There are several issues with the current implementation that we need to address:
- Dequeue locking: when an item of work is dequeued (see txext.enterprise.queue.ultimatelyPerform) first its group id is locked using a NamedLock, then its record (row) is deleted from the work table. Both of those actions will block if some other process is already processing a work item in the same group, or if there is no group, if the work item itself is being processed. The problem with that is that it will block the “orphaned” work item polling loop - and it is possible for all hosts to end up blocked beyond one long-lived item at the “top” of a work table.
- There needs to be a way to enqueue a work item without scheduling it via callLater in the current process. For work items known to require significant work, it would be better to have them scheduled on a node/process with low load - there is no guarantee the process creating the work item will have low load at the time the callLater triggers.

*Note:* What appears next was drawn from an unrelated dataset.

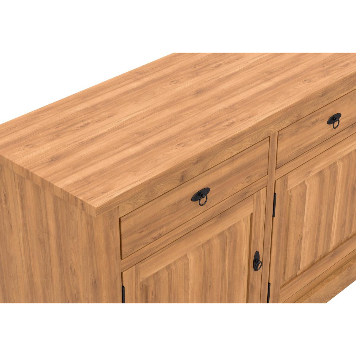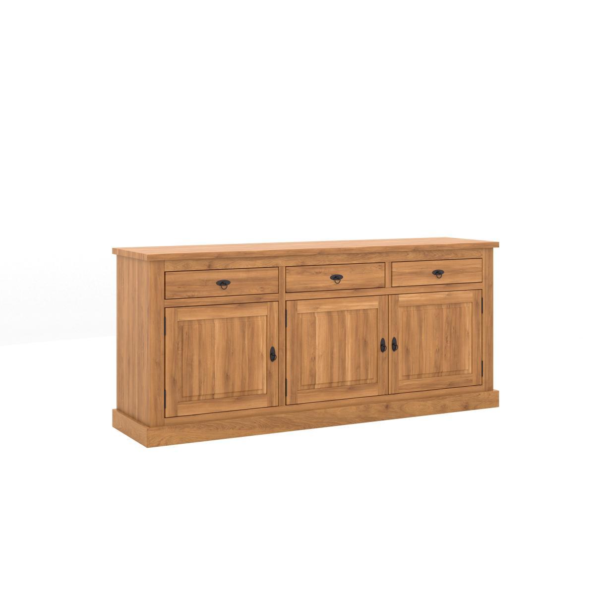 Rustic country style for the contemporary home. The dining table, with a unique handcrafted base, is made of warm and rustic solid oak. It comes in a wide choice of finishes including oiled and whitewashed. Choose a size to suit your space (the largest seats up to 14), or create your own custom size. A solid oak sideboard, oak dining bench and luxurious button backed 100% leather dining chair complete this characterful, timeless range. Timeless in style, the Bodahl Norse sideboard is handcrafted from warm and rustic solid oak. Lovely touches include the stylish brass finish cup handles and classic, plinth base. Why you'll love it. Classic country style for the contemporary home. Handcrafted, every sideboard is unique. Timeless rustic, solid oak. In a choice of finishes including oiled and whitewash. Protected by strong, family-friendly matt lacquer. Plenty of storage in the 3 cupboards and 3 drawers. The drawers have stylish brass-finish cup handles. ???. Complements the Bodahl Norse dining table. Exclusive to Furniture Village. What you need to know. 3 drawers and 3 roomy cupboards. Each cupboard has one fixed shelf. Solid, plinth style base. Made of solid natural oak so every sideboard is unique, with its own natural markings, knots and colour variations. We recommend using coasters and placemats at all times. Easy to care for, simply wipe with a clean, non abrasive damp cloth. For more advice, see our Dining Care Guide. Part of the solid oak Bodahl Norse country style dining range.
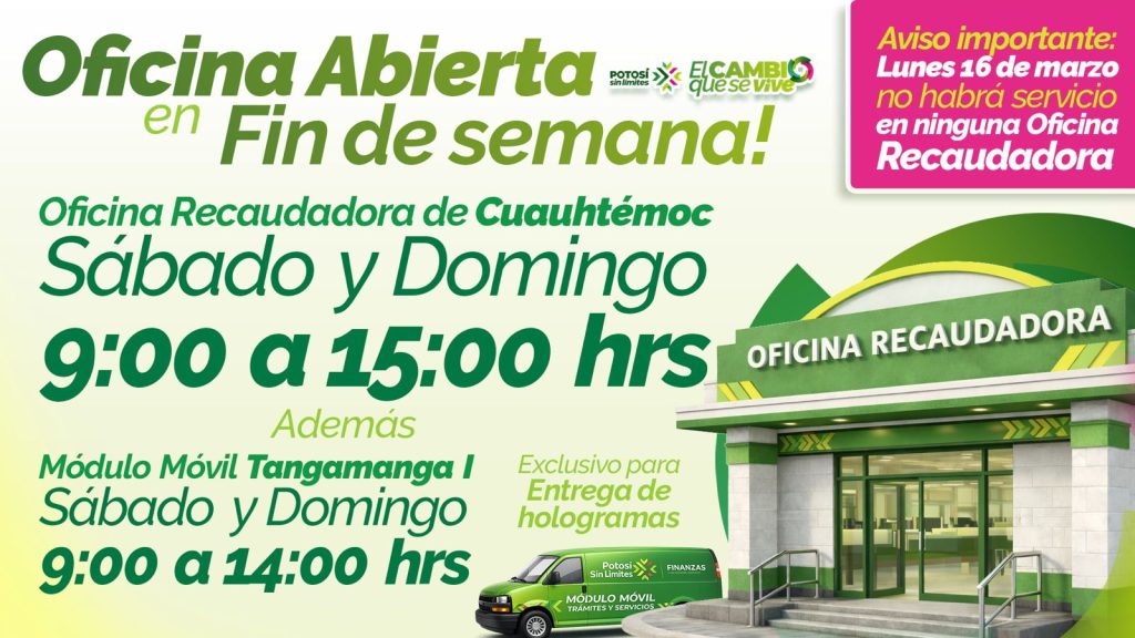 La Secretaría de Finanzas habilita atención en Cuauhtémoc y un módulo para entrega de hologramas en el parque Tangamanga I. El lunes no habrá servicio en las oficinas recaudadoras

- Item (2) also suggests we need some way to indicate priority and estimated load for different types of work item. e.g. we know push notification work is a light load and needs to occur close to real-time (within 3 secs of being scheduled). Whereas other work, scheduling, group cacher etc, involve heavier loads and typically execute a minute or hours after being enqueued.
- The default “orphan” notBefore limit seems high - waiting for 10 minutes for a high priority item is not good, particularly if we fix item (2) where we would be deliberately “orphaning” work.
- Scaleability - some types of work may involve process of very large data sets - e.g. scans over calendar homes, all attachments etc. Dumping 100K work items into the queue system is not ideal - particularly in the absence of any kind of prioritization mechanism. A better approach would be to create a limited set (pool) of work items that run in parallel and process the overall (large) work set. However, that needs to be done in a way to minimize lock contention (i.e., address item (1) in some fashion).